Implemented Core Features
Control‑flow statements (if, for, …)
Primitive and object creation
Virtual and static method invocation
Exception handling
Garbage collection
Parsing of classes from .class files in
rt.jarTest Suite Example
class StackTracePrinting {
public static void main(String[] args) {
Throwable ex = new Exception();
StackTraceElement[] stackTrace = ex.getStackTrace();
for (StackTraceElement element : stackTrace) {
tempPrint(
element.getClassName() + "::" + element.getMethodName() + " - " +
element.getFileName() + ":" + element.getLineNumber());
}
}
// We use this in place of System.out.println because we don't have real I/O
private static native void tempPrint(String value);
}The test uses real classes from OpenJDK 7's rt.jar, so java.lang.StackTraceElement is genuine.
Code Organization
The project follows a standard Rust layout split into three crates (packages):
reader : reads .class files and models their contents.
vm : the virtual machine that can execute code as a library.
vm_cli : a simple command‑line launcher to run the VM on compiled Java files.

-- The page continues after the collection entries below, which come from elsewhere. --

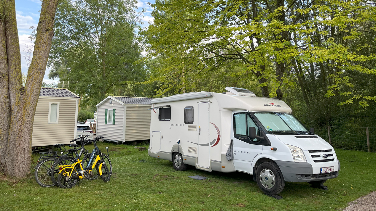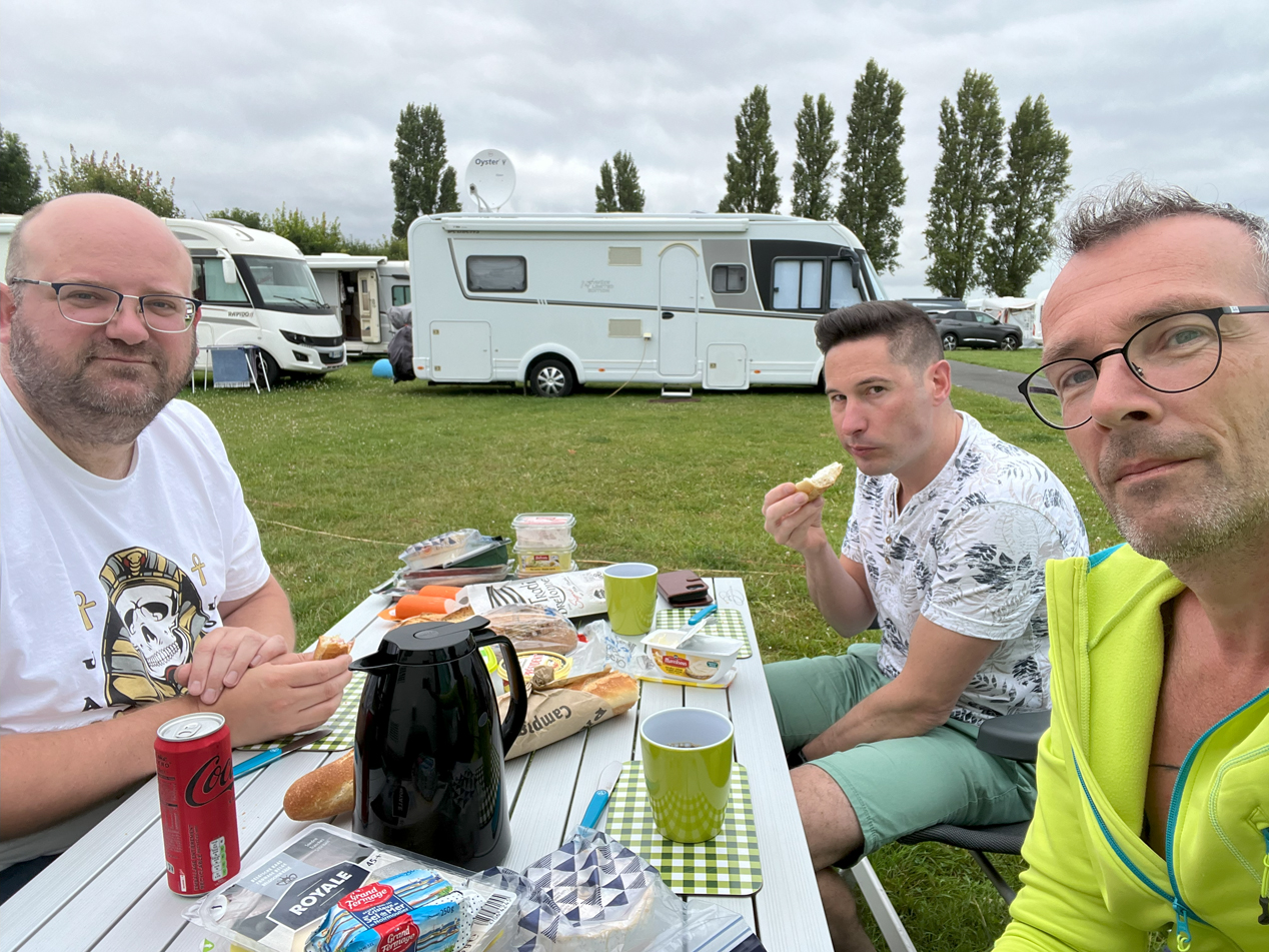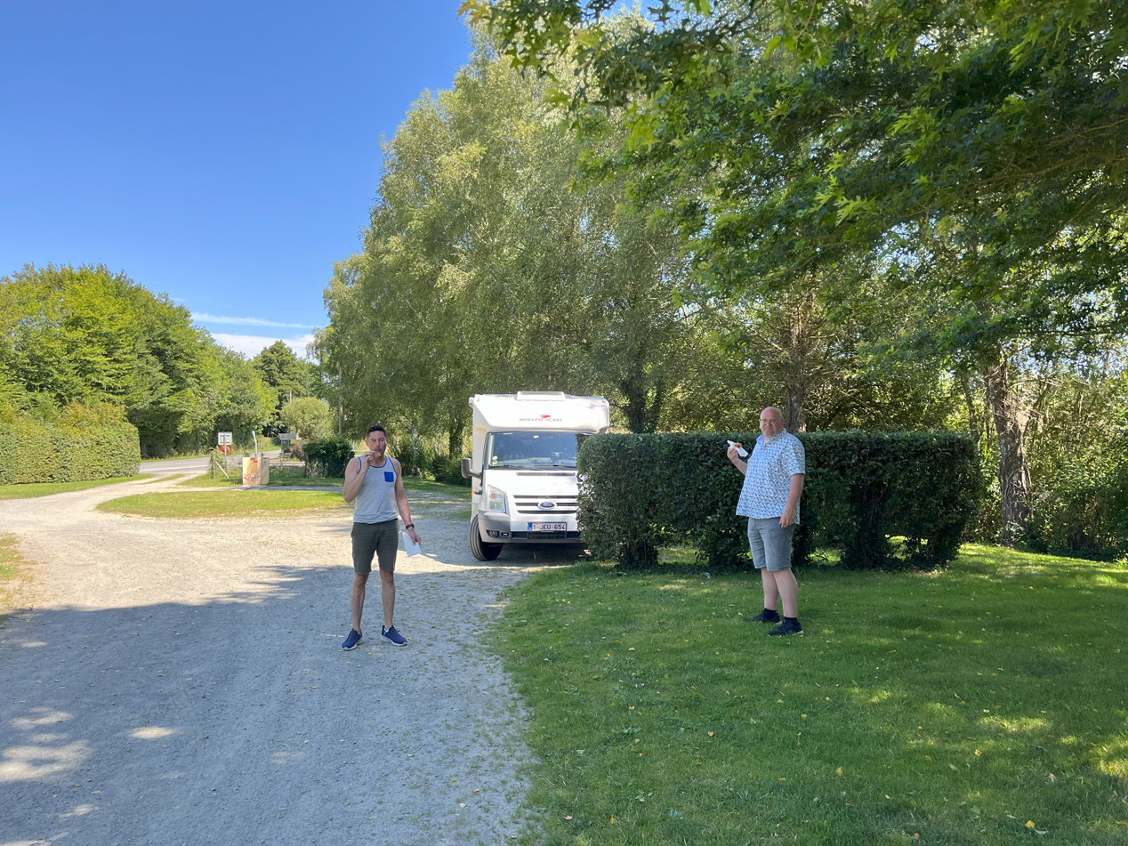 Ergens kort over de middag komen we aan in Péronne waar de receptie blijkbaar gesloten blijft tot 16u dat stond zo niet in Cris zijn bevestigingsmail. Ergens of een briefje aan het raam staat vermeld dat je een plaats kan uitkiezen en nadien komen inschrijven. Maar wat als je al reserveerde? Links en rechts staan bordjes op de vrije percelen met een naam, familie zus, mijnheer zo. Dus beginnen we met z’n drieën de ganse camping af te lopen op zoek naar een plaatje ‘Tits’. Niet te vinden, tot we terug bij het kantoortje staan en merken dat er een lijst met plaatsnummers en reservaties op een bord buiten staat. “Ah godverdomme!” En géén van ons drieën die het had gezien. Cris loopt vooruit, voor bij het servicepunt en het sanitair vinden we onze voorbehouden plek.
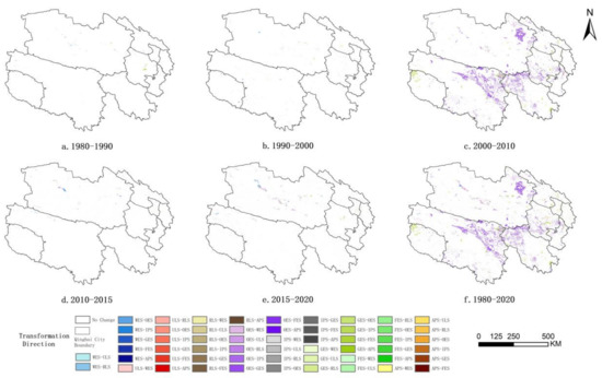 Based on the change rate of the secondary spatial structure in Qinghai Province, we could deduce that, during 1980–2020, the growth rates of the areas of the IPS, ULS, and RLS were 5.66, 3.67, and 0.65%, respectively, while those of the FES and OES portrayed a decreasing trend (−0.02 and −0.24%, respectively).
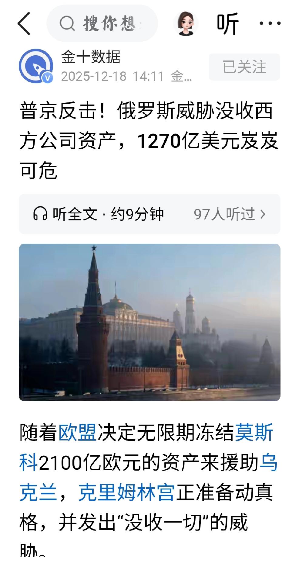 看清欧洲各国的时候 个人观点:俄罗斯威胁没收,价值为1270亿美元的西方公司资产。这正是瞪大眼睛,看清欧洲各国真面目的时候了,这出重头戏就要开始了。 真正的精彩是:明知道各国都要保护本国的公司资产,那么有的国家多,有的国家少,还有的国家彻底没有,这就决定了各国的政策无法统一。彻底没有在俄罗斯投资的国家,必然是坚定维护,没收俄罗斯在欧洲的资产,而其他的国家又会如何选择呢? 这些都是我们可以预判的正常的举措。但是谁又能保证这期间,各国的表现都是正常?比如不敢保证,波罗的海三国就会搞出各种奇葩离奇之事?比如谁能保证,欧盟不会诞生前后矛盾,充满荒唐的法案?而这些才是最有价值,最为精彩的真面目时刻,因为寻常平常之际,大家都会伪装。只有在争夺利益时,才会露出真面目。 好戏开锣了。

I am considering publishing reader separately on crates.io because it may be useful to other developers.
Parsing .class Files
Java source files are compiled by javac into .class files, which are essentially ZIP archives containing bytecode. Loading a class involves reading its metadata (name, source file, superclass, interfaces, fields, methods) and the associated bytecode.
Metadata includes class name, source file name, superclass name, implemented interfaces, fields with types and annotations.
Method information includes descriptors, throws clauses, generic signatures, bytecode, exception tables, and line number tables.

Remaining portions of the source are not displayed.